Many small business owners who drive much of Los Angeles' economy can't afford to wait out the pandemic: They need money to survive, or even to expand when times are good.
But many businesses can't get loans from traditional commercial lenders, and when they do, they are typically charged 9% interest rates — more than double what it was before the Fed hiked rates, according to a survey by the National Federation of Independent Business.
As a result, more people in Southern California are seeking help from lenders like Los Angeles-based Lendistry, one of the nation's largest minority-led community development financial institutions.
Lendistry CEO Everett Sands said applications were up 21% and loan amounts up 33% from January to May compared to a year ago. The company's interest rates range from 7.5% to 14.5%.
“Business owners are tenacious, entrepreneurial and persistent, so they always find a way,” he said, adding that many have side jobs such as driving for Uber or delivering for Instacart at night.
Still, higher borrowing costs will inevitably mean less money to spend on investing in new technology and software, hiring additional staff and slowing owners' expansion, Sands said.
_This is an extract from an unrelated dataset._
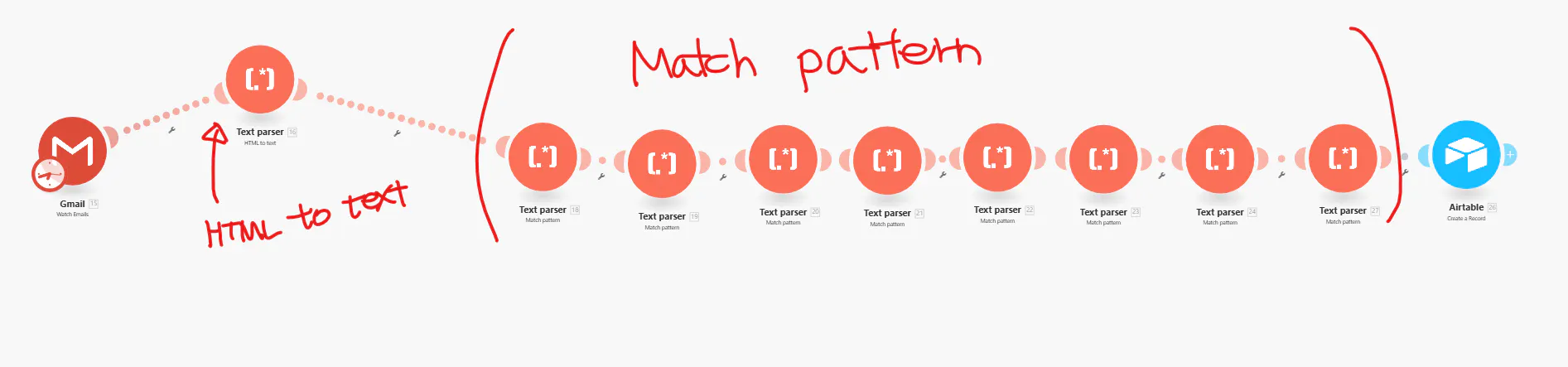 > "html 메일날라오는거 make에서 mailhook을 이용하시면 되고요. 그 파싱하는 것은 o3 모델에게 html 로 파싱해서 정규표현식으로 뽑아달라고 해서 원하시는 값만 싹싹 드시면 충분히 자동화 해보실 수 있을 것 입니다."
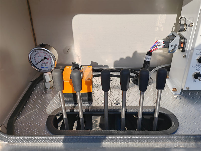 4. Opțiuni Echipamente: Piesă hidraulică de înaltă calitate, braț telescopic de ridicare pe un singur nivel, două unități de troliu hidraulic de 12 tone, trusă de scule, două stabilizatoare, dispozitiv de acționare manuală, două reflectoare, o lampă de alarmă și accesorii de bază

“Some people fail in their progress.”
“When you put everything on the line, you become desperate.”
— Jurni Rain, Grits and Waffles
Journi Lane, 42, launched her brunch business, Grits & Waffles, as a ghost kitchen in February 2022, preparing food orders for delivery services. She maxed out her credit cards and took out merchant cash advances (kind of like a payday loan with a super-high interest rate) to fund it. She ended up with $70,000 in debt.
“When you put everything on the line, you're desperate,” says Lane, a Dallas native who moved to Los Angeles a decade ago and worked as a manager at California Pizza Kitchen and the Cheesecake Factory. “I don't care about interest rates. It's somewhere between passion and insanity.”
Since then, she's paid off the entire loan on her shopfront, and her business has boomed: Last year, Laing expanded from a ghost kitchen to a tiny spot in Pico-Union with three tables. Now, she has 17 tables and 14 staff members.
She plans to move to a larger location in Koreatown this fall and has her sights set on opening a second restaurant in South L.A. But she worries she could have expanded sooner if interest rates were lower and her access to financing better.
Economists call that opportunity cost. For Laing, it's personal.
“Certainly, lower interest rates would have helped,” she said.
For many others, they will continue to wait for interest rates to fall without the comfort of intermediate success.
Lynn Miller, 60, started looking to buy a home in Orange County about a year ago, wanting to upgrade from her current 1,600-square-foot apartment.
“It's not bad, but it's not my home. The dishwasher is no good, the washing machine is old,” she said of her rental in Corona del Mar. “Obviously, I'm not going to invest in all those appliances. It's just different not having your own home.”
It was a daunting task, she said, especially plugging her numbers into mortgage calculators from Zillow and Realtor.com, which provide estimates based on current interest rates.
“It's shocking when you look at the monthly payments,” said Miller, the marketing consultant. “It will get better, but right now it's not getting better.”
She's still house hunting — she'd like to buy a detached, three-bedroom house with a backyard where she can keep her dogs — but for now she's going to wait.
“I'm still waiting because I'm confident interest rates will come down,” Miller said, but acknowledged it was all speculation. “We may end up waiting a long time.”